“Cold Tangerines”


They say, ‘Life is 10% what happens to me and 90% how I react to it.’ Through the unexpected and winding roads of depression, anxiety and an eating disorder, I full heartedly say, touche. Before you object or take your stance on the cause and cure of mental illness just hear me out. This has been my experience, not science. I’m not offering a five-step self-help, but rather the hope I found in the midst of being overcome by the heaviness of life.

Since I was young, I decided I would be one of those people who enjoyed being alive and made the most of it. Life happened. There was brokenness in our family, hurt feelings between friends, rejection and betrayal from Christians. I focused myself on all which was crumbling to the ground around me and sunk down with my circumstances.

As I focused on how terrible things kept happening to me, another terrible thing would happen. All I really chose to see in life was pain, hardship, and broken hearts. I tried to be happy, numbing myself with drugs, alcohol, sex. I obsessed over my weight and food and exercise, trying to gain control of the hell I felt inside. Obviously, it didn’t end in happiness.

As hopelessness settled in, I came across a book, a ray of light, called The Gratitude Principle. I have held onto one principle throughout these last four years, wake up and before thinking anything else, make notice of what you’re grateful for. I was not instantly filled with joy, nor did I overcome much of anything that first morning. But as I have made this one discipline into a lifestyle and an outlook on life I have begun to understand the truth behind what Paul wrote almost 2,000 years ago “Give thanks in all circumstances; for this is God’s will for you in Christ Jesus.”

Sure there are days when I don’t feel great about my body; I am anxious, and I don’t want to get out of bed, but those days are now the minority. Most days, I am filled with life and joy and peace. I can live out of a place of contentment having given thanks for the gift of life knowing that it’s God’s will for me to find something to be grateful for in every circumstance and situation.

A little while back I found this little gem of inspiration. I want to live the life Shauna talks about below, but no matter how hard I try, if I am not living out the will of God, giving thanks in all circumstances, I will never find the deep-rooted joy that brings an overflowing abundance of color and zest into this world. I hope this sparks something in you the way it has for me.

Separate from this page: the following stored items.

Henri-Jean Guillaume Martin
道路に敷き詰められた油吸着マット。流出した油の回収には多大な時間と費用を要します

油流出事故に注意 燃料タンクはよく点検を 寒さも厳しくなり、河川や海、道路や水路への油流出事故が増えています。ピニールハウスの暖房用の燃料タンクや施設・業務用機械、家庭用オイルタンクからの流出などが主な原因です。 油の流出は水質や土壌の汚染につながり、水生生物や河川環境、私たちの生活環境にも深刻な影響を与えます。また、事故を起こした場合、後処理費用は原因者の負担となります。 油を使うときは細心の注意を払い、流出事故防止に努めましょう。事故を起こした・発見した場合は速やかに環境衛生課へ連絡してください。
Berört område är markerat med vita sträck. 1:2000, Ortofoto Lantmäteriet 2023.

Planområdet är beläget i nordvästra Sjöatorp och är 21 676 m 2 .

“I’ve missed whole seasons of my life. I look back and all I remember is pain I guess I went to work or to class during that time, but I don’t really remember. I wasted a lot of time wishing I was different. I didn’t love the gift of life I was given. I wanted it to be different. But being angry didn’t change those things. It just wasted time. I can’t take away the things that have happened to you or to me, but what we have, maybe as a reward for getting through all the other days, is today. Today is a gift. And if we have tomorrow, tomorrow will be a gift.

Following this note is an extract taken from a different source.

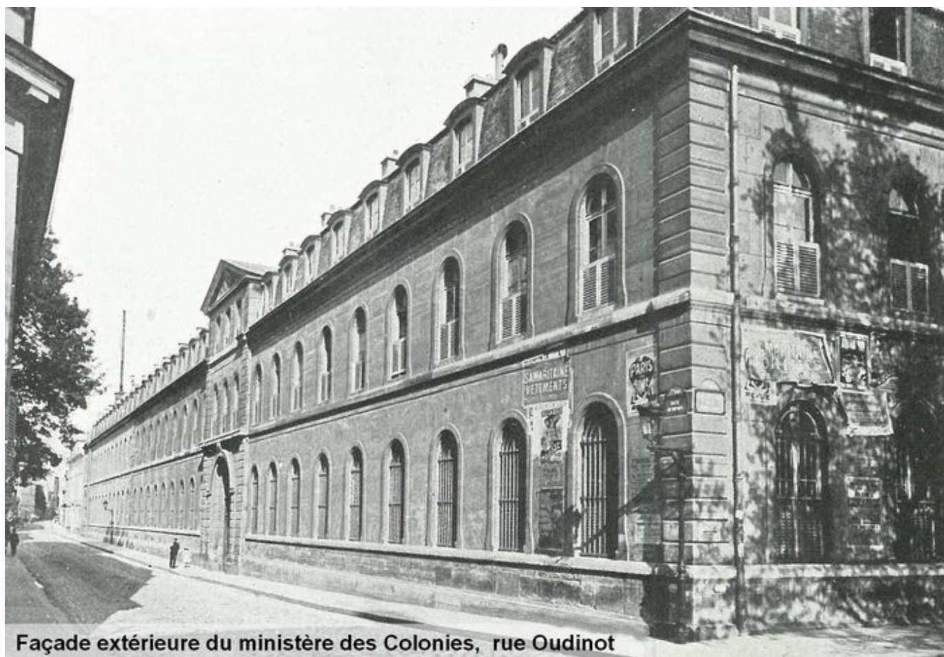
Façade extérieure du ministère des Colonies, rue Oudinot

It’s rebellious, in a way, to choose joy, to choose to dance, to choose to love your life. It’s much easier and much more common to be miserable. But I choose to do what I can do to create hope, to celebrate life, and the act of celebrating connects me back to that life I love. We could just live our normal, day-to-day lives, saving all the good living up for someday, but I think today, just plain today, is worth it. I think it’s our job, each of us, to live each day like it’s a special occasion, because we’ve been given a gift. We get to live in this beautiful world. When I live purposefully and well, when I dance instead of sitting out, when I let myself laugh hard, when I wear my favorite shoes on a regular Tuesday, that regular Tuesday is better.

Right now, around our house, all the leaves are falling, and there’s no reason that they have to turn electric bright red before they fall, but they do, and I want to live like that. I want to say, “What can I do today that brings more beauty, more energy, more hope?” Because it seems like that’s what God is saying to us, over and over. “What can I do today to remind you again how good this life is? You think the color of the sky is good now, wait till sunset. You think oranges are good? Try a tangerine.” He’s a crazy delightful mad scientist and keeps coming back from the lab with great, unbelievable new things, and it’s a gift. It’s a gift to be a part of it.

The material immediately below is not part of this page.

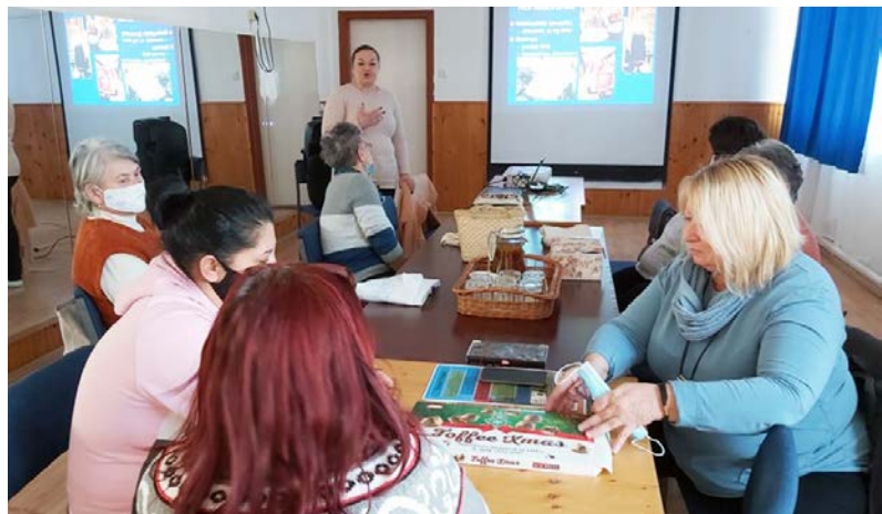
Filmvetítés a Közösségi Házban

Az idén XVIII. alkalommal barangoltunk együtt a magyar kultúra kincsestárában mindazokkal, akik ellátogattak a Dobozi Közösségi Ház és Könyvtárban megrendezett programjainkra.

I want a life that sizzles and pops and makes me laugh out loud. And I don’t want to get to the end, or to tomorrow even, and realize that my life is a collection of meetings and pop cans and errands and receipts and dirty dishes. I want to eat cold tangerines and sing loud in the car with the windows open and wear pink shoes and stay up all night laughing and paint my walls the exact color of the sky right now. I want to sleep hard on clean white sheets and throw parties and eat ripe tomatoes and read books so good they make me jump up and down and I want my everyday to make God belly laugh, glad that He gave life to someone who loves the gift, who will use it up and wring it out and drag it around like a favorite sweater. ”

-Cold Tangerines

By Shauna Niequist

“Finally, whatever is

 True • Noble • Right • Pure • Lovely

Admirable • Excellent • Praiseworthy

Think about such things

Whatever you have learned or received or heard from me, or seen in me – put it into practice.

And the God of peace will be with you.”